Похищение свободы - Вольфганг Шрайер 30 стр.


— Они схватили Рафаэля! — выпалил он. — Выманили из дома и куда-то увезли! Очевидно, его кто-то предал…

Микаэла испуганно вскрикнула.

Из дальнейшего рассказа Руперто выяснилось, что Рафаэля забрали какие-то типы в штатском. Это могли быть либо ультраправые, либо переодетые шпики из национальной полиции, прозванные «недотрогами». В прошлом году нам удалось захватить и уничтожить их главаря по кличке Наполеон (подлинное имя Артур Кордоба Лопес), но его правая рука Салазар от нас ускользнул…

Как они напали на след Рафаэля, который являлся видной фигурой в Сопротивлении, знал всех по именам, знал о существовании загородного дома? Разумеется, мы надеялись, что Рафаэль будет молчать. Уж от кого, от кого, а от него враги вряд ли что выведают, тем более что он уже побывал в их лапах. И нам он постоянно твердил, что в случае провала лучший способ выстоять — молчание. Можешь кричать, нести всякий вздор, но ни в коем случае ни в чем не признавайся, ибо любое признание равноценно гибели… Так он учил нас, следовательно, и сам будет вести себя так же, хотя, черт его знает, что может случиться.

— Вы сами разложили партию, — глухо проворчал Руперто. — А теперь, как видите, они бьют нас нашим же оружием!

Мне нечего было возразить, но его упрек свидетельствовал о том, что Руперто жил прошлым. А Микаэла разволновалась.
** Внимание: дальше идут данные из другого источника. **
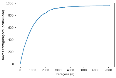 """Created on Fri Jan 20 19:03:10 2024@author: carlos gomes"""from matplotlib import pyplot as pltfrom random import*from matplotlib.backends.backend_pdf import PdfPagesfrom fpdf import FPDFcasos = []iteracoes =0iteracoes_list = []N_casos = []#-------------------------------------def par(x):if x%2==0:return1else:return0#-----------------------------------------whileTrue: linha_1 = [i for i inrange(0,8)] casos_unica = []## decidir posicao dos Bispos (B) opcoes_Bp = [i for i in linha_1 if par(i)==1] opcoes_Bb = [i for i in linha_1 if par(i)==0] Bispo_p = choice(opcoes_Bp) Bispo_b = choice(opcoes_Bb) linha_1[Bispo_p] ="B" linha_1[Bispo_b] ="B"#-------------------------------## decidir posicao da Dama (Q) opcoes_dama = [i for i in linha_1 if i !="B"] dama = choice(opcoes_dama) linha_1[dama] ="Q"#---------------------------------## decidir posicao dos cavalos (N) opcoes_cavalos = [i for i in linha_1 if i!="B"and i!="Q"]#print(opcoes_cavalos) opcoes_cavalo_1 = [i for i in linha_1 if i!="B"and i!="Q"] cavalo_1 = choice(opcoes_cavalo_1) linha_1[cavalo_1] ="N" opcoes_cavalo_2 = [i for i in linha_1 if i!="B"and i!="Q"and i!="N"] cavalo_2 = choice(opcoes_cavalo_2) linha_1[cavalo_2] ="N"#------------------------------------#decidir posicao do Rei (K) opcao_rei = [i for i in linha_1 if i!="B"and i!="Q"and i!="N"] linha_1[opcao_rei[1]] ="K"#-----------------------## decidir posicao das Torres (R) opcoes_torres = [i for i in linha_1 if i!="B"and i!="Q"and i!="N"and i!="K"] linha_1[opcoes_torres[0]] ="R" linha_1[opcoes_torres[1]] ="R"#---------------------- casos.append("".join(map(str, linha_1))) iteracoes +=1 iteracoes_list.append(iteracoes)##Devolve uma lista unica de casos-------------------for x in casos:if x notin casos_unica: casos_unica.append(x)#------------------------------------------------------ N_casos.append(len(casos_unica))print(len(casos_unica))iflen(casos_unica) ==960: # tinha de terminar de alguma maneira...breakprint(casos_unica)print(len(casos_unica))plt.plot(iteracoes_list,N_casos)plt.xlabel("Iterações (n)")plt.ylabel("Novas configurações (acumulado)")plt.show()# texto para pdf ------------------------------from fpdf import FPDFpdf = FPDF() # adicionar páginapdf.add_page()# estilopdf.set_font("Arial", size =15)# inserir texto no pdffor x in casos_unica: pdf.cell(200, 10, txt = x, ln =1, align ='C')# guardar pdfpdf.output("chess960-configuracoes.pdf")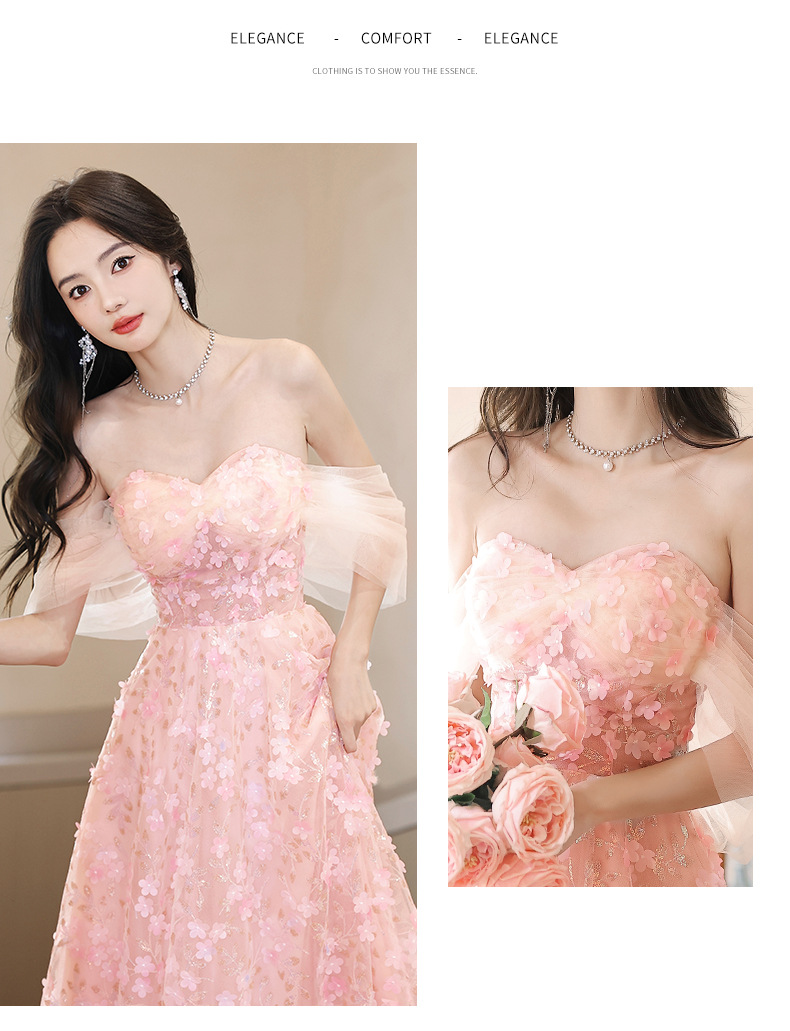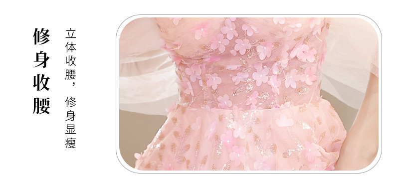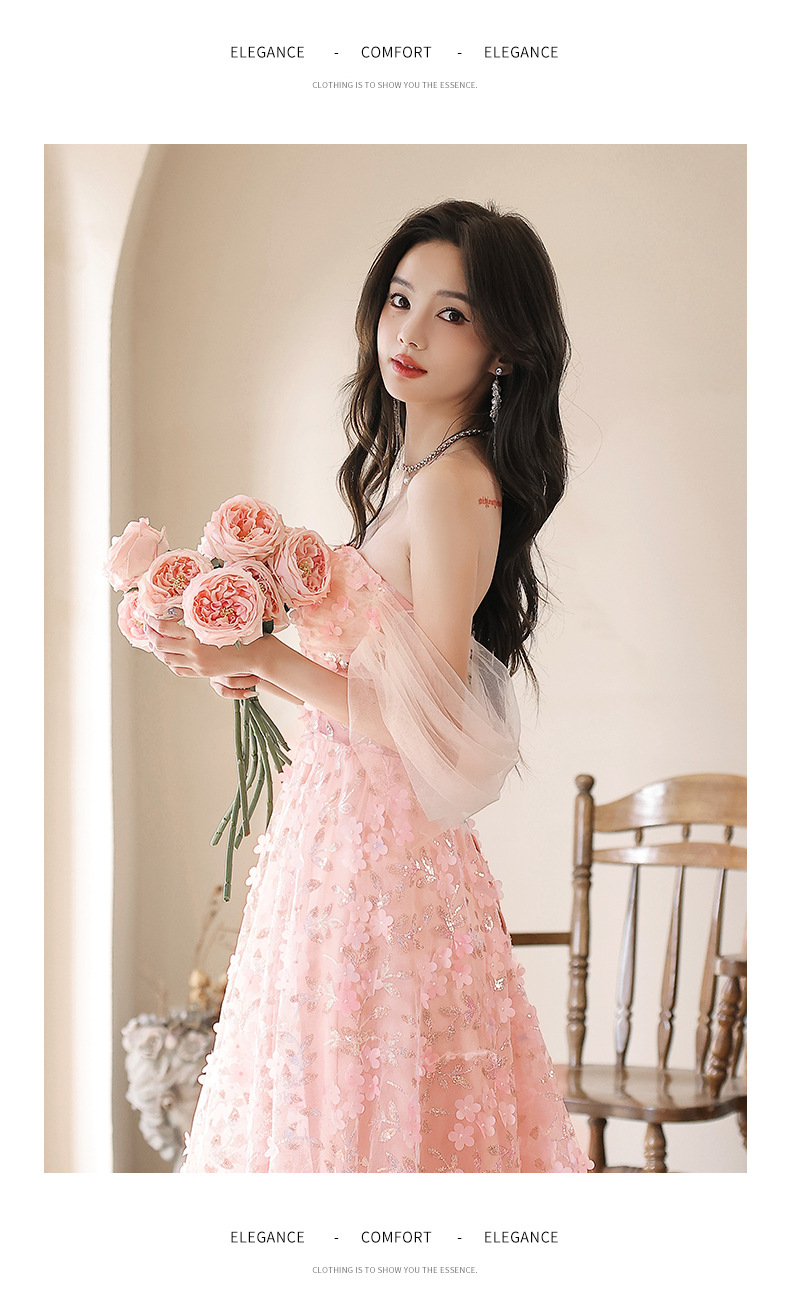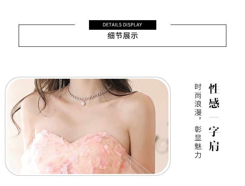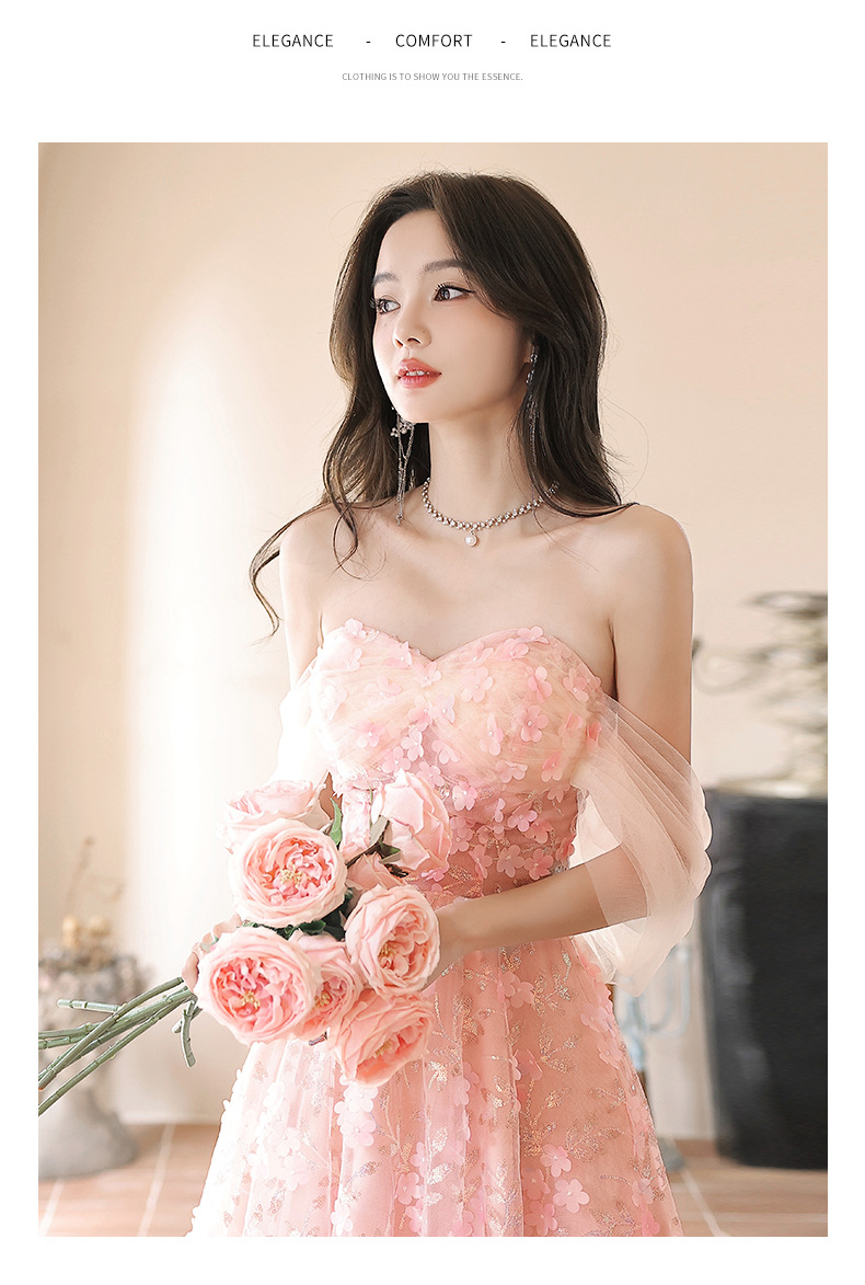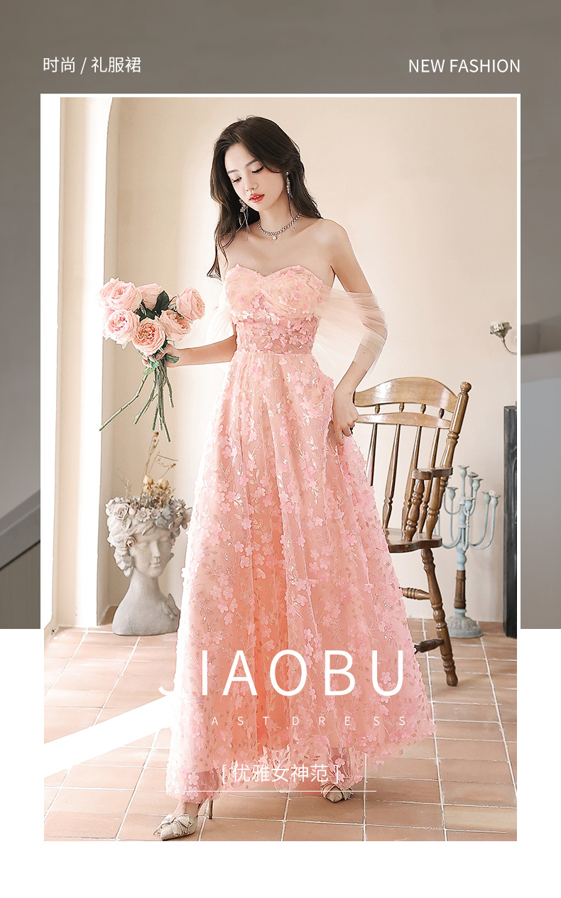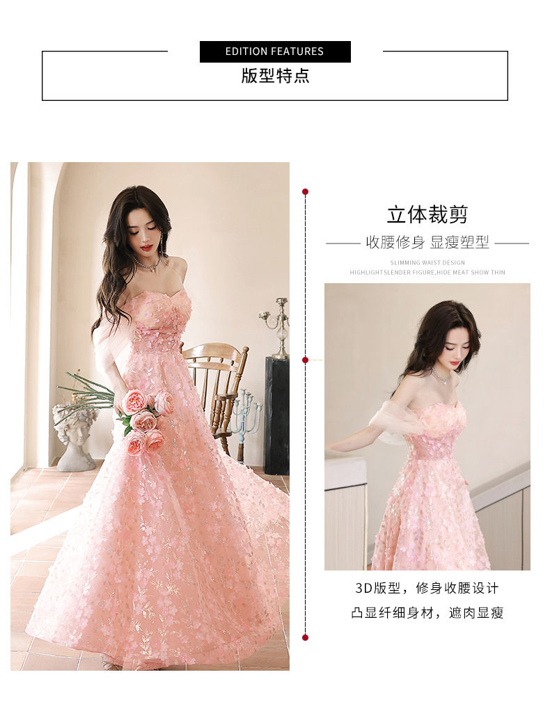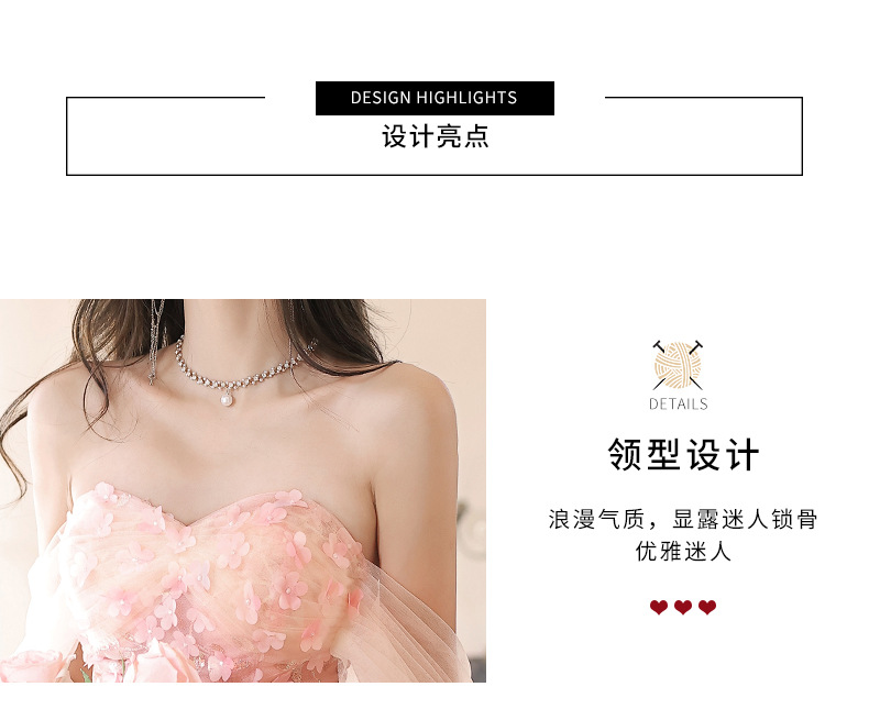 Gaun malam merah muda wanita kelas atas ringan mewah niche high-end tube top ulang tahun Super peri cahaya benang kelopak gaun tes seni vokal

Она отличалась эмоциональностью, которая усилилась после гибели Гран Гато и священника Камило Торреса, ее кумира. Пресса сообщила об этом 17 февраля, а выборы предстояли 6 марта, что давало основания как-то увязать оба эти факта.

Микаэла схватила кипу листовок — а в ней было не менее нескольких сот — и подбросила их к потолку. Листовки разлетелись по всей комнате.

— И вот этими бумажками мы хотим кому-то помочь? — выкрикнула она. — Это и есть ваши методы, Руперто! Они давно устарели! Мы призываем соблюдать порядок во время выборов, а нас тем временем хватают и прихлопывают одного за другим!..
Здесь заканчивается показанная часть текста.